As all of Hardy's books, you can either be totally taken in by it, or absolutely bored by it. I love Hardy's style and plots. So daring and so beautiful. Jude the Obscure particularly pushes the limits. The trials of an unmarried couple, if I can take the liberty to simplify it so stupidly! Hardy was introduced to me by my English teacher Mrs Kamakshi when I was in Class 8. Must have been 13 or so. She gave us a short speech and asked us to identify what was unique about the speech. Only two of us in class could identify that the speech was a string of book names. Two in a tower, far from the madding crowd, jude the obscure... it went on. I had remembered the names from my sister's and father's library books.But it was only a year later that I read my first Hardy, Far From the Madding Crowd, as the teacher insisted I should. And I was hooked to it.
Then my father's friend (Kapali mama, whose children were not into books) gifted me his entire collection of Hardy and Lawrence, when he realised i was interested in these books. Old books from the '50s and '60s. Yellowed. Name written with an old-style fountain pen, bound in cardboard and canvas for longevity.
Everytime I read one of the books from that collection, it is not just the plots and words that transport me into a dream world. It is also what I imagine of the previous readers of the book. Old uncles in the younger days, reading Hardy in public and Lawrence on the sly.
Discussing the daring adventures of the heroes of these books. The poetic flow of the authors... the many friends of Kapali mama who borrowed (was my dad one of them) the books and read it under the single electric bulb in the sitting room in the late '50s.
I don't think I ever quite thanked Ms Kamakshi for nurturing my love for books, introducing me to new authors, tolerating my over-ambitious florid essays and gently guiding me towards more understated elegance. That I am still in love with books and words is a tribute to her. I don't know where she is, if she is still there. She was nearing 60 when I was finishing school in 1991.

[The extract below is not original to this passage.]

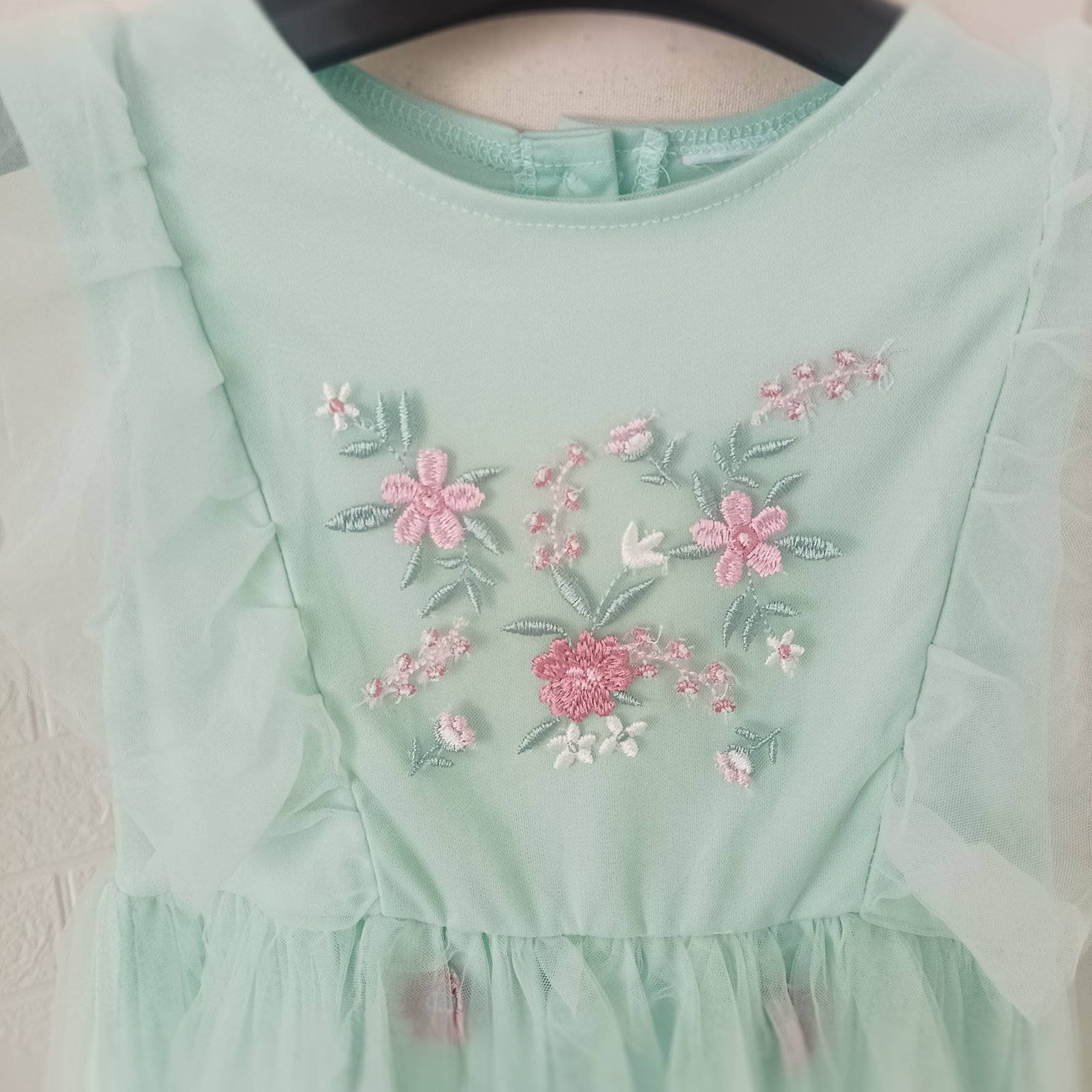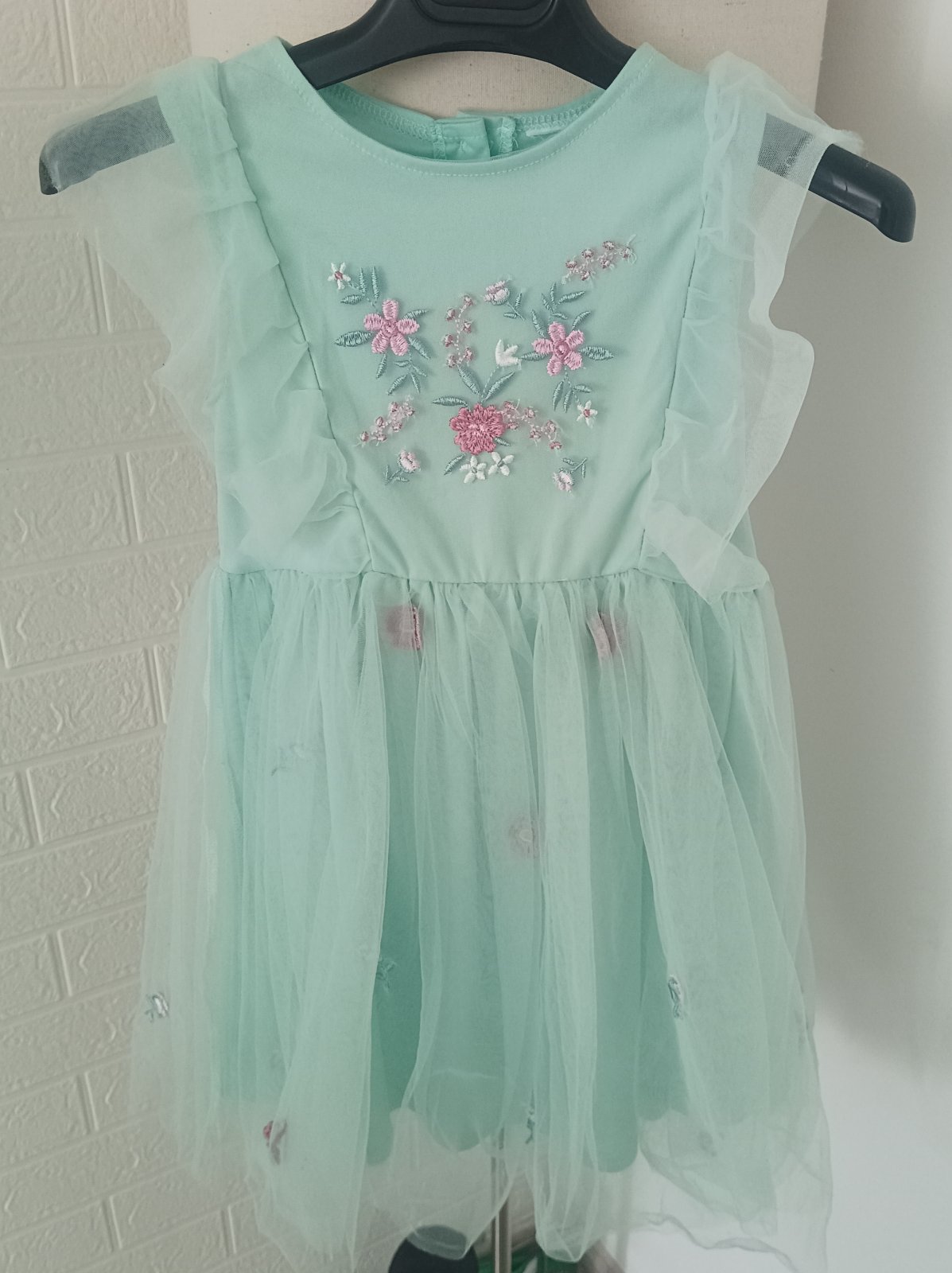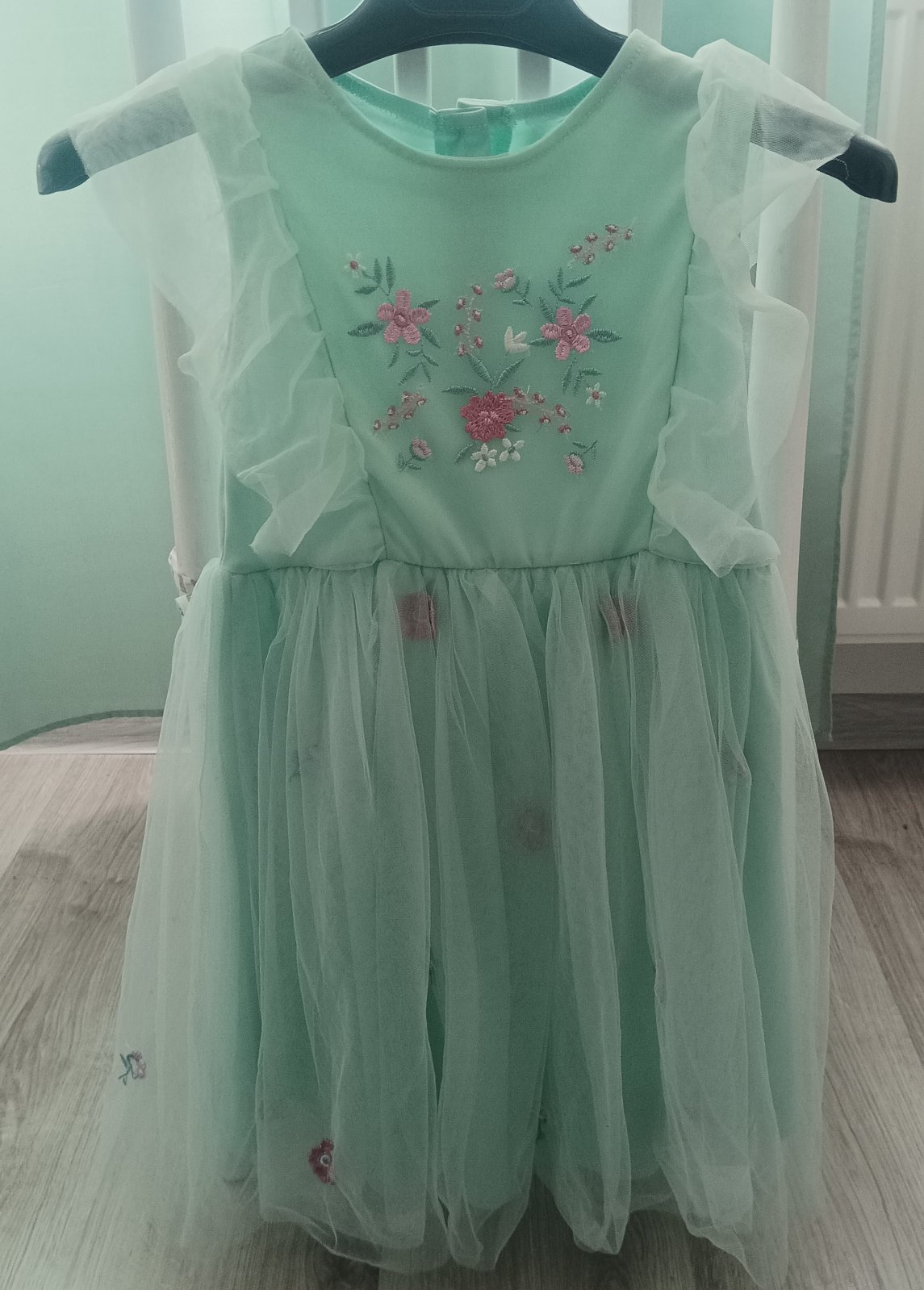 Top stav použité na fotenie,majú mätovú farbu s vyšitými kvietkami veľ.122/128cm

Again, I don't think I thanked Kapali mama sufficiently either. I just greedily grabbed the books with a perfunctory 'thank you'. He is no more, but am sure he is aware that the books are in good hands, and his gesture was enormously appreciated.
Next time someone introduces me to an author, lends or gifts me a book, I better thank them properly when I have the opportunity.
While on this, I better thank my dad, who however hard-up he was (4 daughters and a sister to educate and take care of, apart from a long line of cousins who stayed with us, all on one salary), he could never say no to money that would be spent on books or studies. He can quote from Shakespeare and whole bunch of other classics. He is the one who drilled into us that no matter what you have in the wardrobe, it is what you have on your bookshelf that matters (not so politely though).
And then I should thank my sister (no 3). She made reading books hip for me. Since all other rolemodels where old and not-so-fashionable, it was the sight of my college-going sister burying herself in the classics, that kept me clear of other junk books that my friends devoured. Of course, I would sneak in a few in defiance, but never enjoyed the read.
Books. What would our life be without it?